Your objective =>
Give exactly the lines from the one with "La Plataforma Latinoamericana" through the final line of the listing below, both included, leaving out any pictures.

Given information =>

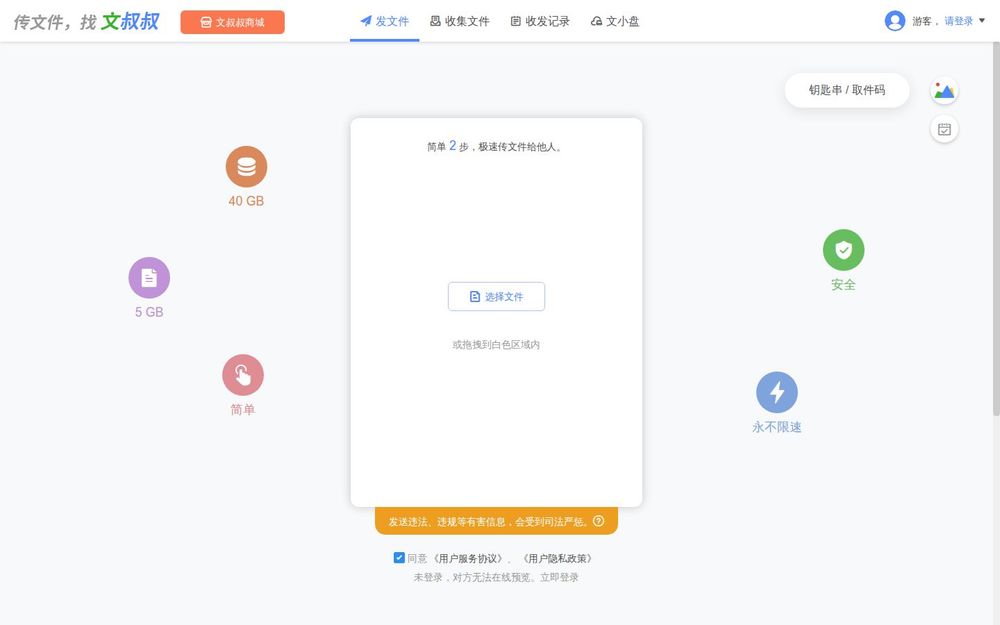 文叔叔是一款创新的网盘(云盘)产品,致力于为用户提供高效、安全的文件存储和传输服务。用户可以免费获得高达40GB的云存储空间,支持多种文件类型的上传和下载,满足个人和团队的需求。
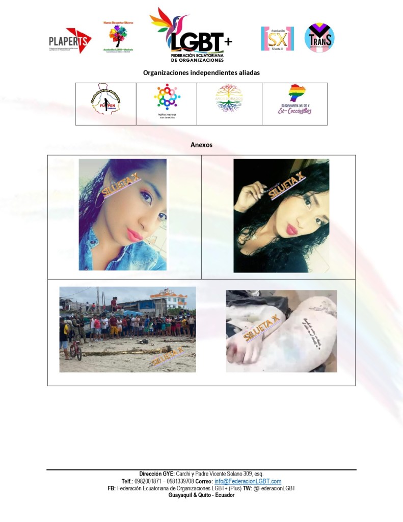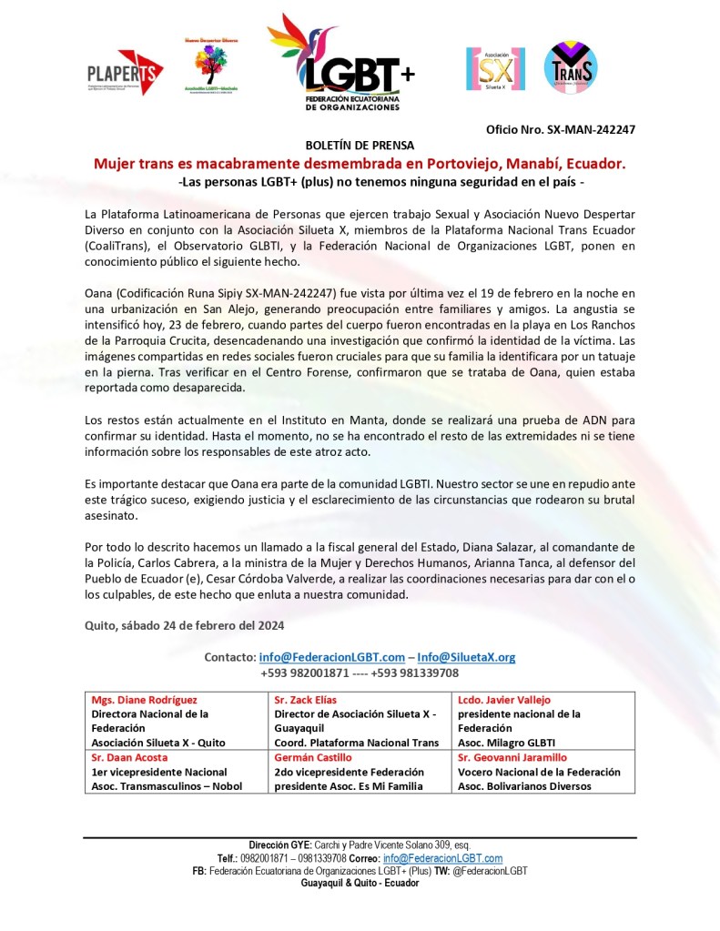 La Plataforma Latinoamericana de Personas que ejercen trabajo Sexual y Asociación Nuevo Despertar Diverso en conjunto con la Asociación Silueta X, miembros de la Plataforma Nacional Trans Ecuador (CoaliTrans), el Observatorio GLBTI, y la Federación Nacional de Organizaciones LGBT, ponen en conocimiento público el siguiente hecho.
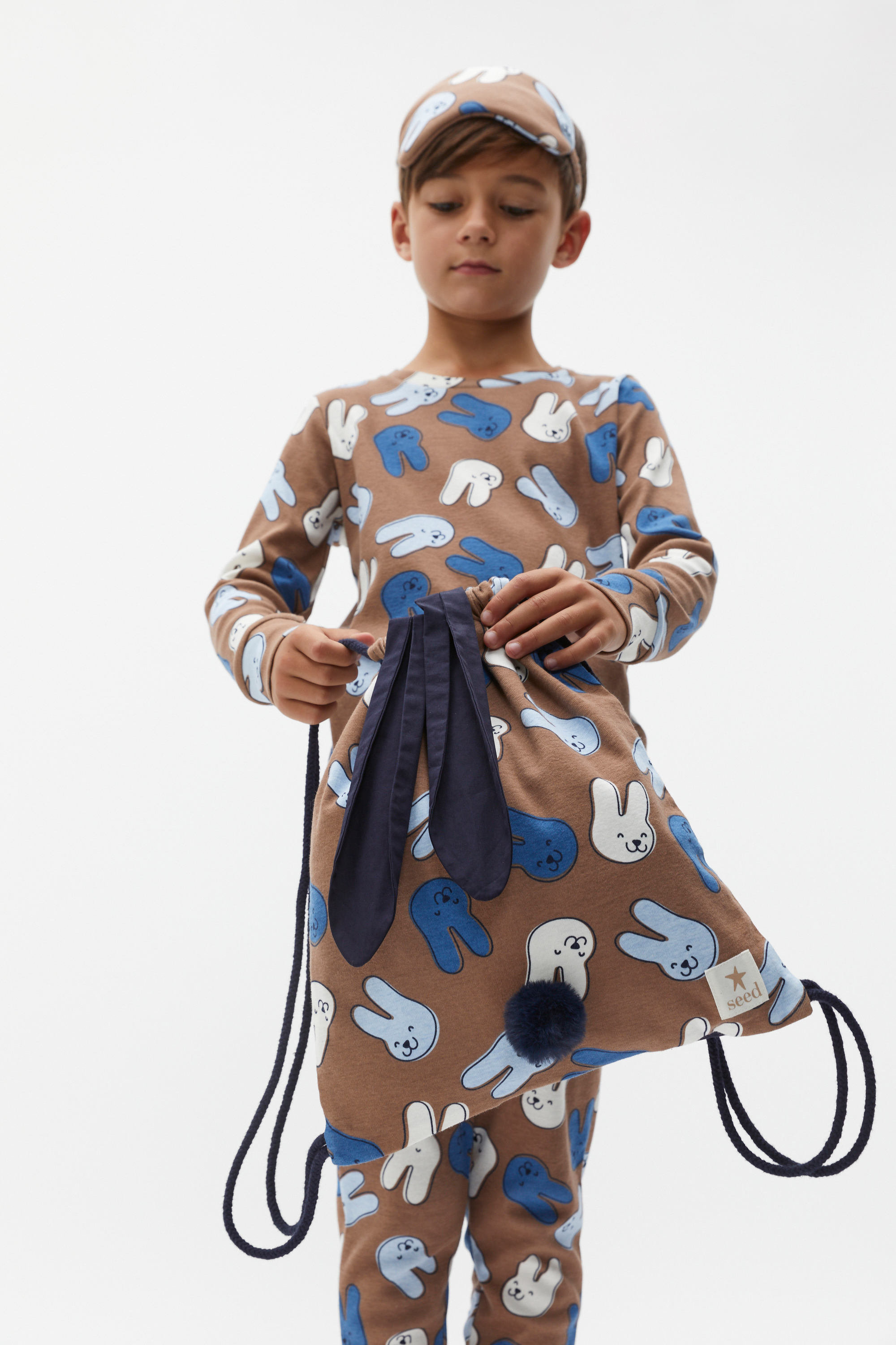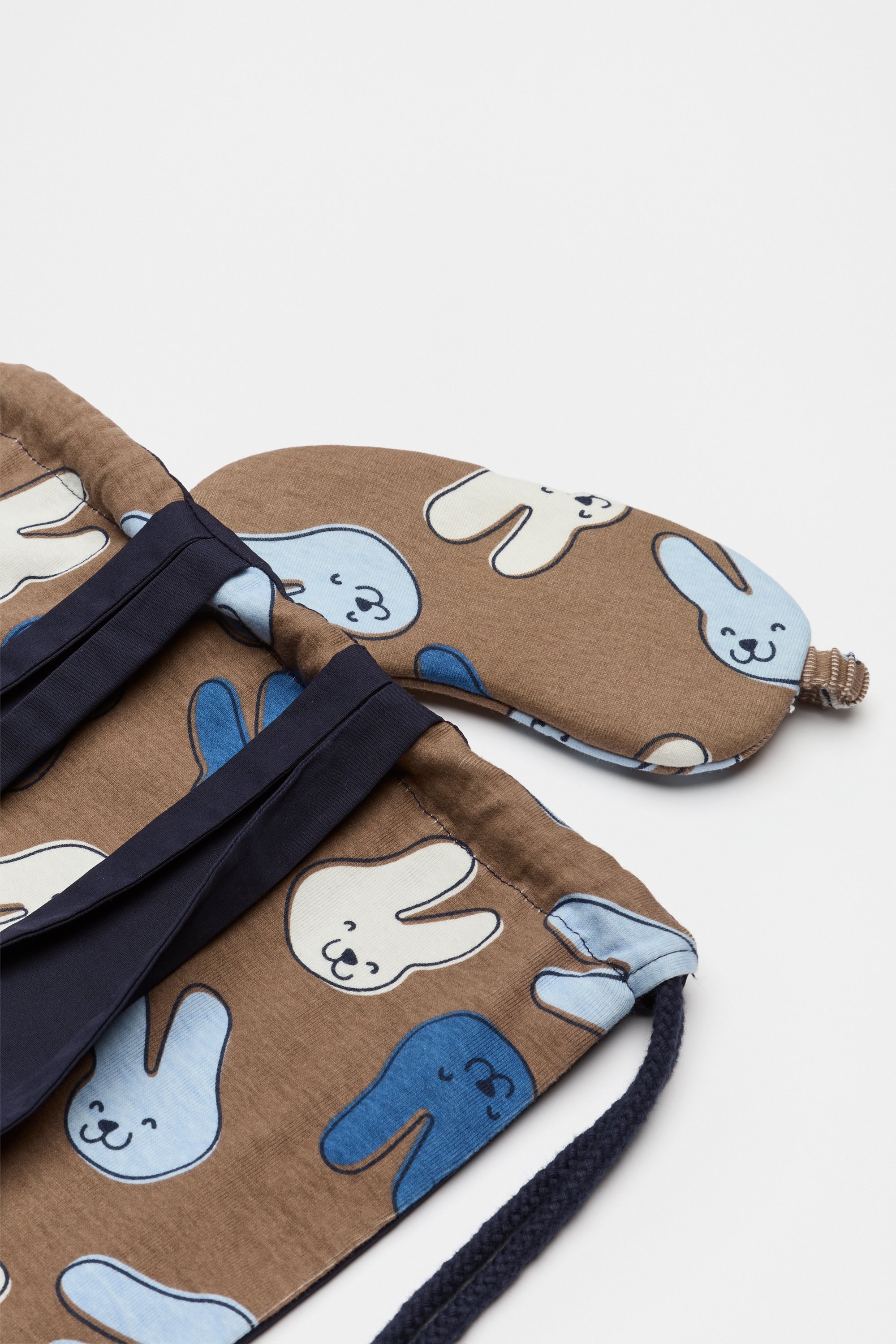 Perfect for sleepovers, this too-cute pyjama bag features a drawstring closure, a fluffy bunny tail, bunny ears and an all over bunny print. Available in three different colourways. Pair with the matching bunny eye mask and matching pyjamas for the perfect overnight set.

Final answer =>
 La Plataforma Latinoamericana de Personas que ejercen trabajo Sexual y Asociación Nuevo Despertar Diverso en conjunto con la Asociación Silueta X, miembros de la Plataforma Nacional Trans Ecuador (CoaliTrans), el Observatorio GLBTI, y la Federación Nacional de Organizaciones LGBT, ponen en conocimiento público el siguiente hecho.
 Perfect for sleepovers, this too-cute pyjama bag features a drawstring closure, a fluffy bunny tail, bunny ears and an all over bunny print. Available in three different colourways. Pair with the matching bunny eye mask and matching pyjamas for the perfect overnight set.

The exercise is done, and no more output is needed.